Все уселись за стол, покрытый зеленым сукном.
– Мы такую пьесу поставим, что прелесть! Вот что я думаю: поставим мы первый раз «Расточителя», – продолжал он.
– Сбору не даст! – отрезал Бабочкин.
– Конечно, два с полтиной будет. Вы лучше поставьте «Каширскую старину», – вмешалась Щепетович.
– В самом деле, поставьте, я отлично Марьицу сыграю! – вставила Дудкина.
– Это моя роль. Какая же вы Марьица? – накинулась на нее Лариса Алексеевна.

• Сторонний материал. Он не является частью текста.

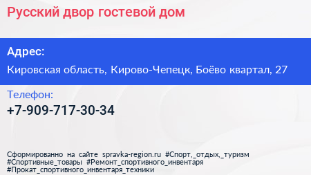 Русский двор, гостевой дом по адресу Кировская область, Кирово-Чепецк, Боёво квартал, 27 в дальнейшем Организация, размещена в следующих категориях: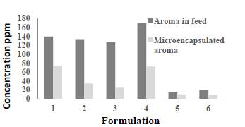 In the abovementioned studies, results varied regarding the encapsulation efficiency of the agents tested. This was most likely due to other parameters that influence on this method of drying. Such parameters are the different characteristics and quantities of the aroma compounds added to emulsion, ratio of the nucleus to the wall material and inlet and outlet air temperature in the spray dryer during drying Janiszewska et al. [38].

– Вы хотите все роли только себе забрать! – огрызнулась Анфиса Львовна.
– Неправда, не потому, но вы для драмы устарели.
– Как я устарела? Я, по крайней мере, опытная актриса, а вам только кокоток играть. Разве вы на что-нибудь другое годитесь?
– Что? – вскочила с места Щепетович. – Да что же это такое, господа? Меня оскорбляют, а вы молчите, – обратилась она ко всем.
– Перестаньте, барыни! – вступился Бабочкин и даже встал. – Садитесь, Лариса Алексеевна. Ну, садитесь же!
Она села.
Бабочкин тоже сел.
– Я вас помирю. Не надо совсем «Каширскую старину». Другое что-нибудь выберем. Не ссорьтесь только. По моему мнению, «Гамлета» надо поставить.
– Ты только все для себя хлопочешь, чтобы тебе поорать где было! – усмехнулся Курский.
– Я, брат, артист старой школы, люблю пьесы, где не только поиграть, а создать роль надо, а вы, нынешние, – не артисты, а ремесленники, – возразил ему Михаил Васильевич.
– Гамлет, конечно, и сбор даст. Я Офелию буду играть – согласилась Щепетович.
– Ну, а я играть в этой пьесе не буду, – вскочил Сергей Сергеевич.
– Так ведь тогда некому играть будет, так как и вчера у дяди, – наивно заметила оторопевшая Marie. – Как же быть? Вы, господа, пожалуйста, сладьтесь между собой.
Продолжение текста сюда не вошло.